ULTRA is designed around value semantics and explicit ownership. Thread safety is therefore addressed at the algorithm and population level, not by making individual core types internally synchronised.

Concurrency model

  • Parallelism in ULTRA is achieved by operating on distinct objects (e.g. different individuals or populations).
  • Core types such as individuals, genomes, and operators are not internally thread-safe.
  • Sharing mutable objects across threads is considered an advanced use case and must be handled explicitly by the caller.

Value types and ownership

Most ULTRA core types are designed as value types:

  • copyable and movable;
  • inexpensive to reason about;
  • free of hidden shared state.

To preserve these properties, internal synchronisation primitives (such as mutexes) are intentionally avoided.

Const functions and object invariants

All observable state (including structural signatures and hashes) is maintained eagerly and updated as part of well-defined mutation operations (modify, apply_each, load, recombination operators).

As a consequence:

  • const member functions do not perform lazy computation;
  • const functions do not modify internal state;
  • concurrent calls to const member functions on the same instance are safe provided no concurrent mutation occurs;
  • external synchronisation is required only when an object may be mutated concurrently with reads.
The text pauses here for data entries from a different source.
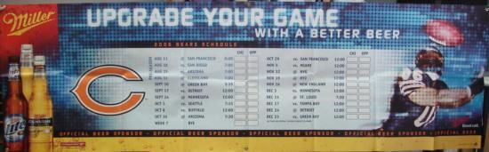 Here are 4 items from the terrific 2006 Chicago Bears. * The 3 ft x 10 ft vinyl banner brings you the full 2006 Chicago Bears schedule. You can even fill in the boxes to mark which team won each game. There are 6 grommet holes for hanging--stretch it across an entire wall! This banner has a cool Bears player image, big Bears C, and Miller Beer bottles. Its condition is excellent, with fold marks that are normal for this type of material. * The photos include two 8 x 10 full color collage images, one highlighting the Bears Defense, and the other celebrating their NFC Championship. Both are in Mint condition, in a plastic sleeve. * There is also a Super Bowl XLI Game Program, in mint condition, with shiny holograph cover. * The Bears were out in force in the 2006 season, and these items will give you inspiration for the 2007 season, and beyond.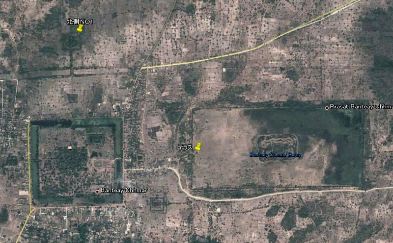 カンボジア バンテアイ メアン チェイ州 バンテアイ チュマールの航空写真 写真の中にバライが見られます「右側」 このバライがクメールの中で 状態が良いのでは バライで 最も多く紹介される西バライはフランスとアメリカが一部に手を居れ 当初のものからかなり改良され オリジナル性が失われている 特にアメリカが1958年にバライ内部に人々が住み バライ内部で米作りを行われていましたが 内部に水を蓄え 更に水門 排水路を建設され オリジナル性は失われたバライです その点 バンテアイ チュマールのバライは 写真 左側から環壕に囲まれた中にバンテアイ チュマールがあり 寺院の東側にバライがあります これはバライの80%が寺院の東側にある 更にバライの中央にメボンがあり そのメボンで 宗教儀式を行ったと思える施設があります まあ もう少し詳しくバライを見ていきましょう 「グーグル アース使用」 |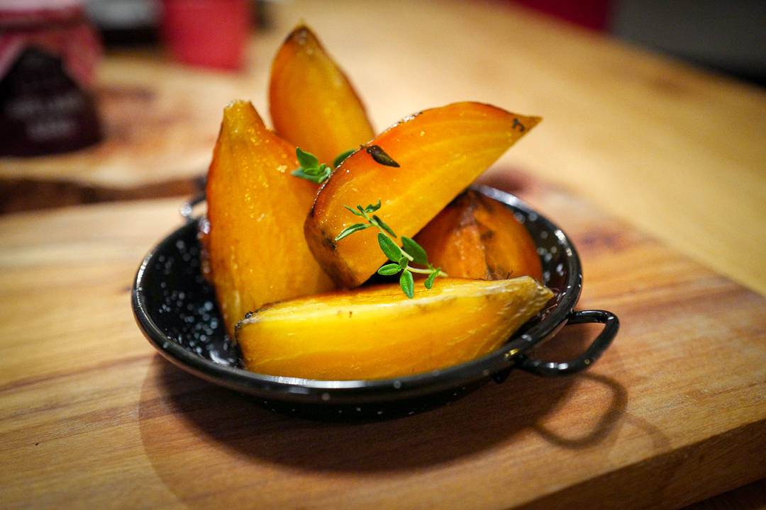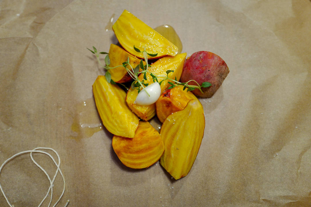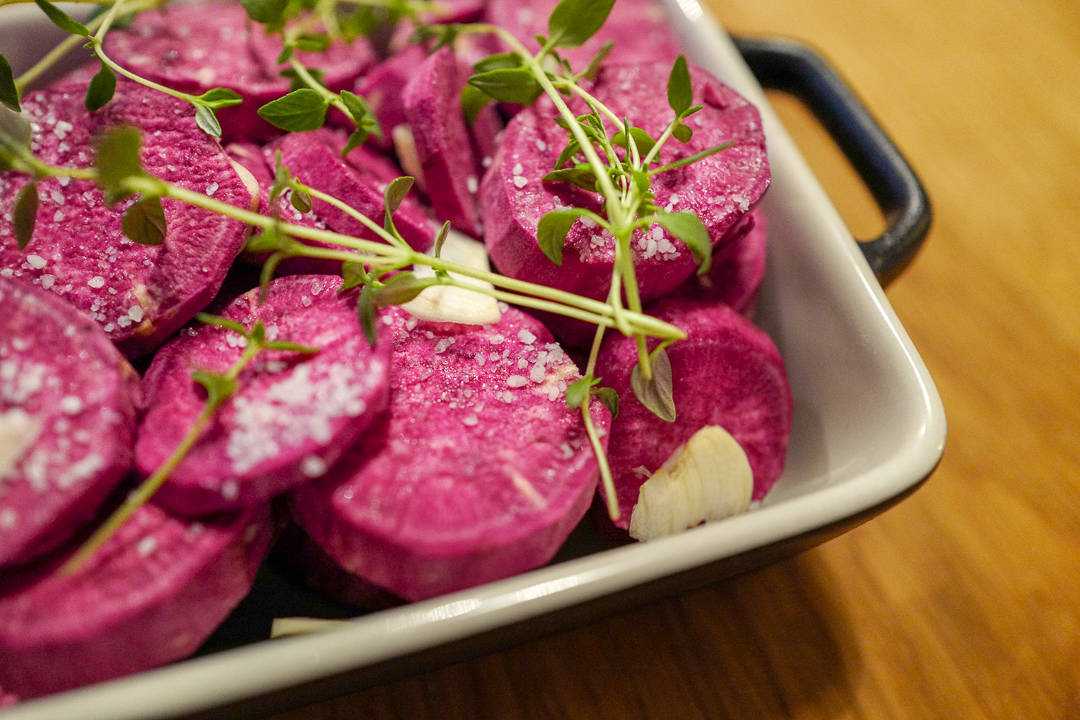 Gulbetene baker jeg i ovnen med hvitløk, salt, olivenolje og timian. Polkabetene er som sukkertøy og de skjærer jeg så tynt jeg klarer med en mandolin eller en ostehøvel/potetskreller. De kan man lynsylte eller brukes slik de er. Er skivene for tykke vil polkabetene ha for mye bitterhet i seg, så vær oppmerksom på det.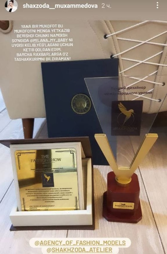 Узбекский дизайнер и актриса Шахзода Мухаммедова обрадовала своих поклонников новостью о том, что удостоилась новой награды.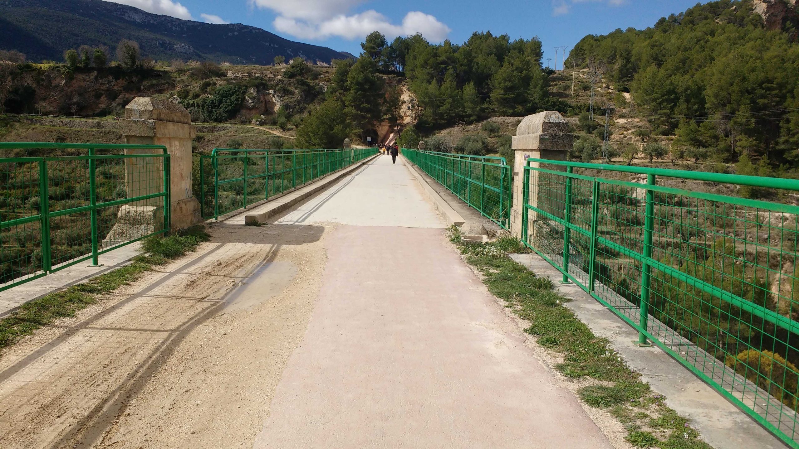 Al igual que en la anterior ruta comenzaremos en la zona del Batoy, pues al final de este barrio inicia la vía verde  y tras pasar el primer puente  y dos túneles, nos encontraremos con el Puente de las siete lunas.  Al principio del puente hay una bajada que nos encamina en la senda que nos lleva al Racó de sant bonaventura .Para ir a Els Canalons tenemos que encontrar una rampa que hay a la izquierda, cerca de los paneles. En esa rampa se inicia una pista que sube a unas barandillas de madera que nos conducen a la parte de atrás de las cascadas del Racó. Siguiendo el río pronto estaremos pasando la pared que hay que cruzar para atravesar la laguna, más adelante esta el paso de la muerte donde hay cadenas y se debe ser cuidadoso.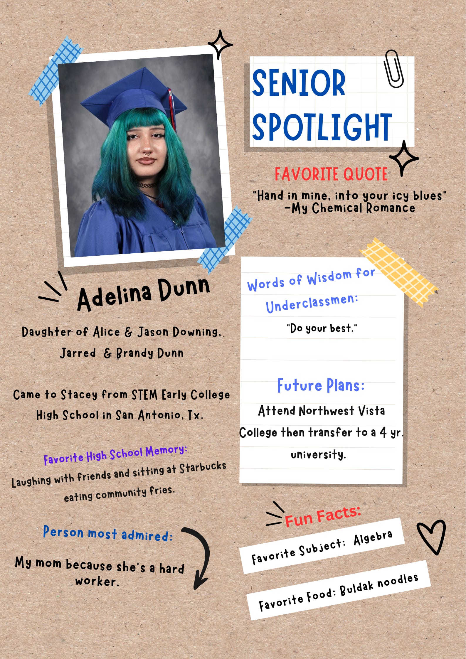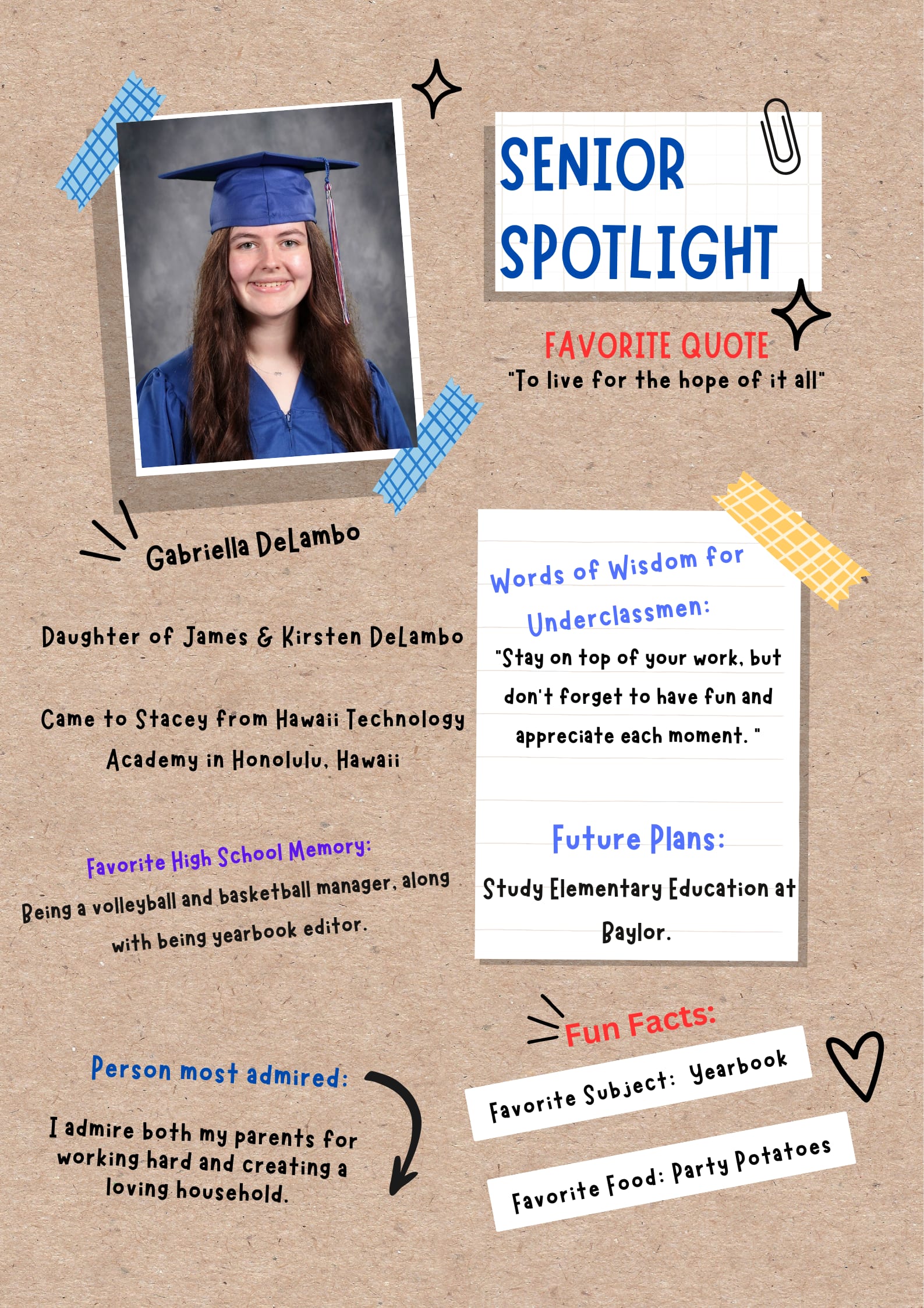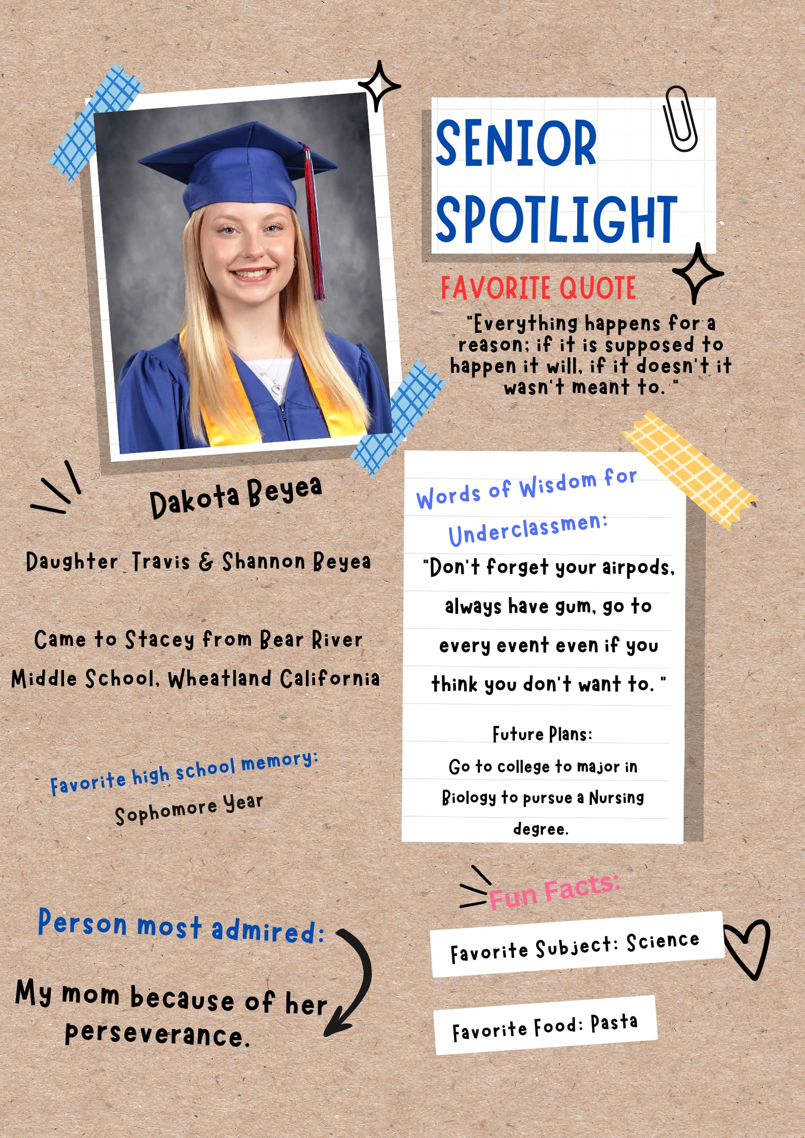 Is there anything in particular that you enjoyed about going to school here? Theatre Tech was an amazing experience with Mr. Richard especially when we built one of the first if not the first two story set. Waking up early or running in the intense heat for Coach Smith built incredible character and huge mental toughness.

This design enforces clear object invariants and predictable behaviour, while avoiding the complexity and overhead of internal lazy caches.

External synchronisation

When concurrent access to the same object is required (for example during migration, statistics collection, or logging), synchronisation must be applied outside the object:

  • at the population level;
  • at the algorithm or scheduler level;
  • via an explicit user-provided lock.

ULTRA does not attempt to make individual objects safe for arbitrary concurrent use. This approach avoids hidden performance costs.